— Графиня, это был просто дурно воспитанный щенок, — возразил Газданов.
— Ну… разве что и впрямь дурно воспитанный, — слабо улыбнулась Анна. — Будь Никита более воспитан и менее пьян, он просто не сказал бы всего этого вслух. Выбросьте из головы всякие благородные мысли, князь. Вы нравитесь мне… и минувшая ночь тому доказательство. У меня действительно было мало любовников… Гораздо меньше, чем мне приписывают, вы это верно заметили. Но жениться на мне с вашей стороны было бы безумием. На вас станут показывать пальцем, вас не пригласят ни в один приличный дом, осудят в свете, вы не сможете представить меня государю… да и карьере вашей придет конец. Оставьте все как есть, и забудем этот наш разговор. Поверьте, так лучше и для меня, и для вас. Пусть уж я останусь принадлежностью… мужчин семейства Ахичевских. А по поводу Анциферова — ложь, всё ложь. Я это знаю сама, а что думают другие, мне, ей-богу, безразлично.
Некоторое время Газданов молчал. Затем, подойдя к креслу, в котором сидела Анна, опустился возле него на колени, и молодая женщина, повернувшись, испуганно посмотрела на него:
— Князь! Что вы делаете, к чему такие жесты? Прошу вас, встаньте…
— И все-таки мы на «вы», — грустно улыбнулся Газданов. — Стало быть, я все еще наказан?
— Сандро! Господь с вами… с тобой! — Анна схватилась за голову. — Бог мой, да за что же мне все это… Поднимись немедленно, хватит ломать комедию, как тебе не стыдно, право?!
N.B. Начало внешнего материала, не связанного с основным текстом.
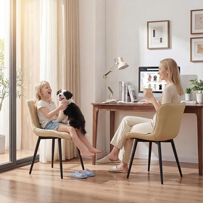 - 【Color-Matched PU Leather & Painted Metal Legs】These stylish dining chairs combine a sleek look with easy care. Waterproof and scratch-resistant, they simplify cleaning—just wipe with a damp or vacuum. Minimalist design chair is ideal for modern homes
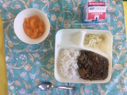 夏野菜のカレーライス、キャベツのサラダ、みかん(冷)、牛乳
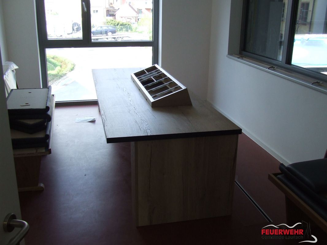 Die Fa. Heeg konnte somit die Arbeiten an der Theke und am Funktischkorpus endlich weiterführen bzw. nahezu abschließen. Lediglich die Eckbank konnte wegen des Bodenbelags jedoch noch nicht gestellt werden.
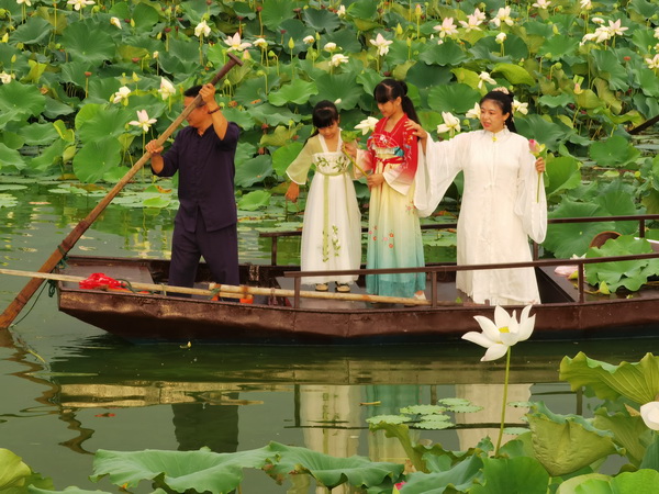 “武當(dāng)可采蓮,蓮葉何田田。”在武當(dāng)山太極湖濕地公園,百畝荷花競(jìng)相開(kāi)放,微風(fēng)輕拂,碧波蕩漾,花香四溢,為炎炎夏日增添了詩(shī)意。身著漢服的古琴師帶著兩名采蓮少女,泛著小舟,暢游在花海,采摘蓮子和荷葉,為即將制作的消夏納涼荷花茶、消暑湯做準(zhǔn)備,體驗(yàn)不一樣的大暑節(jié)氣,勾勒出一幅美妙的圖畫(huà)。
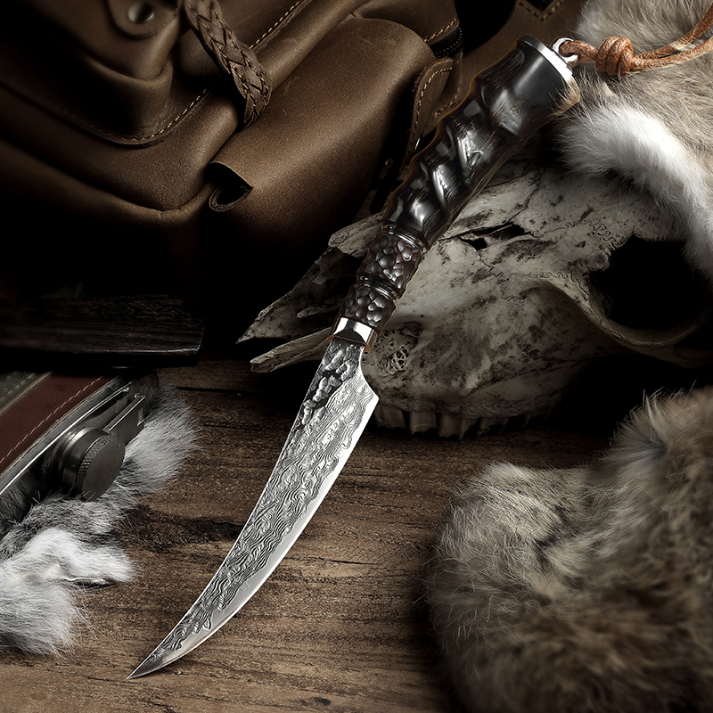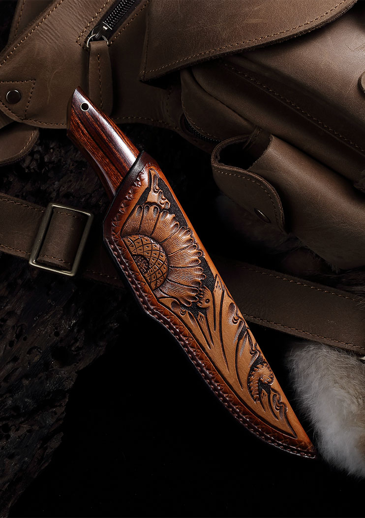 刀刃由乌兹钢.大马士革打造,硬度高,保持刀刃锋利持久;手柄是沙漠铁木+铝合金组成,每一把都有其独特的纹路,颜色鲜艳且有质感。配上皮的刀套,更是加强了其的高贵,也更好地保护好刀刃。具备收藏价值,您会喜欢吗?
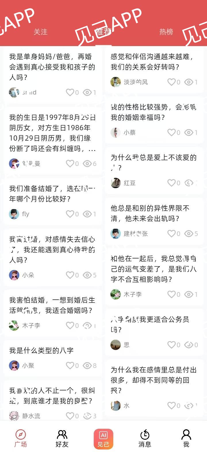 若用户五行缺火,且命局中火对应事业宫,AI 会优先引导 “事业方向选择”“职场运势提升” 等相关问题;若五行水弱且关联婚姻宫,AI 则会推送 “婚恋适配度分析”“感情矛盾化解” 等咨询主题。用户也可在 AI 引导的基础上,自主选择情感、事业、婚姻、财富等细分领域深入咨询,AI 会结合五行理论给出针对性建议。职场人小张说:“APP 根据我的五行推荐了事业咨询方向,里面的建议帮我避开了职场陷阱,太实用了!” 这就是见己 APP “五行定制化咨询引导” 功能的独特价值,让用户的命理咨询更具针对性。

— Очень стыдно, потому и не встану. — Черные глаза спокойно и серьезно смотрели на нее. — Аня, я целый день думал о том, что наговорил тебе ночью. Поверь, я не хотел. Я никогда прежде не позволял себе подобного с женщинами и до сих пор не понимаю, почему все так вышло… Я рад бы думать, что был пьян. Это могло б меня извинить… хотя бы в твоих глазах, как того сопливого корнета… Но пьяным я не бываю никогда. Налицо банальная потеря головы… и вообще всяческого здравого смысла. Другого объяснения я не вижу. Аня, я люблю тебя. И прошу твоей руки. Я мог бы, разумеется, сказать, что мне безразлична собственная карьера, что не имеет значения то, что станут говорить в свете, и то, что я пренебрегу недовольством государя… Но ты умная женщина, и тебя такие пафосные пассажи не обманут. Все это, безусловно, не пустяки. Однако… наверное, для всякого человека рано или поздно приходит время, когда он выбирает то, что для него важнее, то, что имеет больший смысл. Ты и твоя любовь для меня сейчас важнее всего на свете.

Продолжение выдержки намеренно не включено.